> **DATA SUPPLIED**
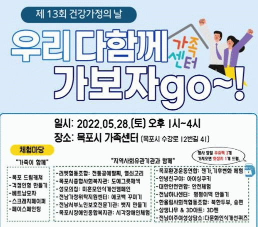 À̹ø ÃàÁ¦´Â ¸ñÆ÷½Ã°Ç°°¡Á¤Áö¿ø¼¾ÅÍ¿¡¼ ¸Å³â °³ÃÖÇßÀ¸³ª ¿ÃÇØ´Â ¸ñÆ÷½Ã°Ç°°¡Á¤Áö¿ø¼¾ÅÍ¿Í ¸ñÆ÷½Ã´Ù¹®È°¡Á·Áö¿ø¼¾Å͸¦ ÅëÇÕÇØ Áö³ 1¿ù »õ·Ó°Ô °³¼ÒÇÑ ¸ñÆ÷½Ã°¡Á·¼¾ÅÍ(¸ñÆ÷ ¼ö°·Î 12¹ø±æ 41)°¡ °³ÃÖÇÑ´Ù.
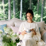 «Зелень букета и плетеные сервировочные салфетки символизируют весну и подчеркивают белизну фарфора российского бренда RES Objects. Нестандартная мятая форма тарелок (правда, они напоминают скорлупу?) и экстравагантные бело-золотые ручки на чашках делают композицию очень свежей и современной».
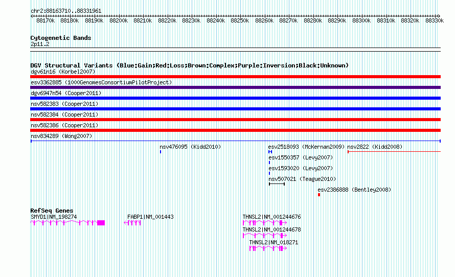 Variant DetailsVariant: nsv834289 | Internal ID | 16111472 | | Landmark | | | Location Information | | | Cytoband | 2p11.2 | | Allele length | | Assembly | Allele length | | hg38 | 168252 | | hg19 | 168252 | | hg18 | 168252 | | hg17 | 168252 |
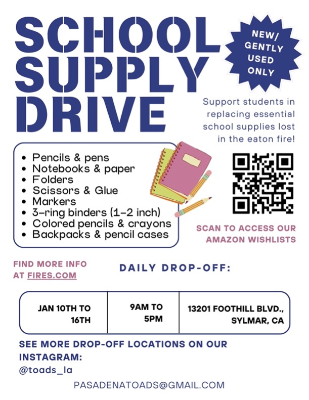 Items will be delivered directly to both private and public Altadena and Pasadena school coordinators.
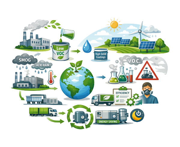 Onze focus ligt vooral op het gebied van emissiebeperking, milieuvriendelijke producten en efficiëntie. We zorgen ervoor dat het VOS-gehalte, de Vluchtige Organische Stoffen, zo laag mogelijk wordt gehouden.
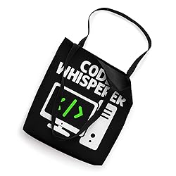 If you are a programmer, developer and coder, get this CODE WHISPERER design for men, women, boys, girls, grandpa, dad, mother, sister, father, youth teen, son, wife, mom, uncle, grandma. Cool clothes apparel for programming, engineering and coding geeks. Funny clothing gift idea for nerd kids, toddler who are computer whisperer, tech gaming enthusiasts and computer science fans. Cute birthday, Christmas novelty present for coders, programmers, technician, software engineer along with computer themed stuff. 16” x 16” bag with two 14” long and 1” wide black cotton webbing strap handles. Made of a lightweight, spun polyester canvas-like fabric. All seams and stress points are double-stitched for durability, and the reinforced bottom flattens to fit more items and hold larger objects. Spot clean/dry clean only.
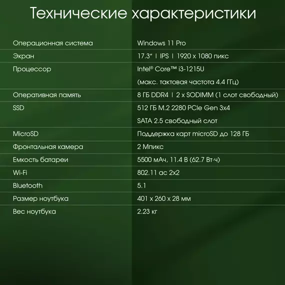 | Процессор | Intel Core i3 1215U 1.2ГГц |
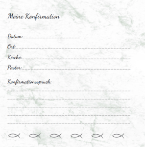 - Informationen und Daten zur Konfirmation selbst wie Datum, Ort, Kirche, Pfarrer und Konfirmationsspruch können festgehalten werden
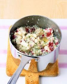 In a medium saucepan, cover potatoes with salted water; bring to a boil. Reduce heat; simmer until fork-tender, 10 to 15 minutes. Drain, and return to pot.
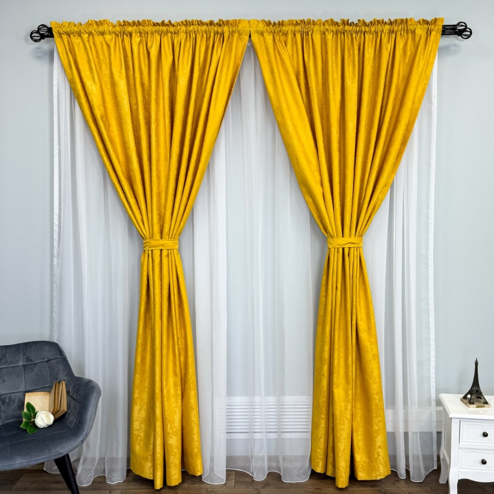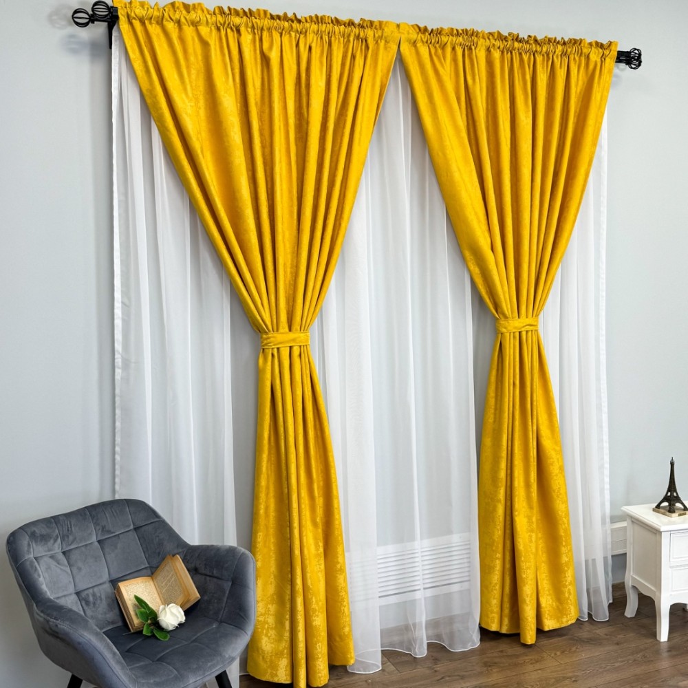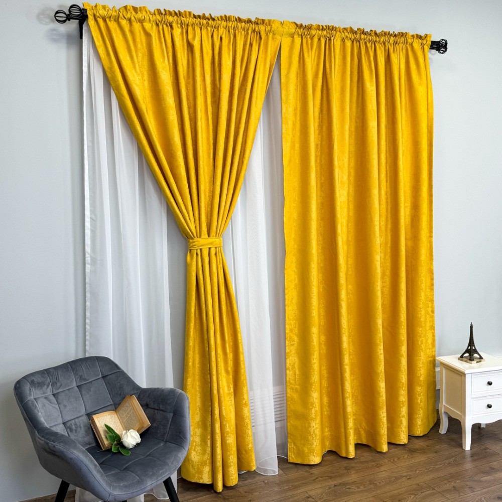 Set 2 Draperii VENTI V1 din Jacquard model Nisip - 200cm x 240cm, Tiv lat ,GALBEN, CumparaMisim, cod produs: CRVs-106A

> **TASK BRIEF**
What do the lines above say from the line containing "In a medium" through the last line? Quote them exactly, both ends included, and leave out the pictures.

> **EXERCISE SOLUTION**
 In a medium saucepan, cover potatoes with salted water; bring to a boil. Reduce heat; simmer until fork-tender, 10 to 15 minutes. Drain, and return to pot.
 Set 2 Draperii VENTI V1 din Jacquard model Nisip - 200cm x 240cm, Tiv lat ,GALBEN, CumparaMisim, cod produs: CRVs-106A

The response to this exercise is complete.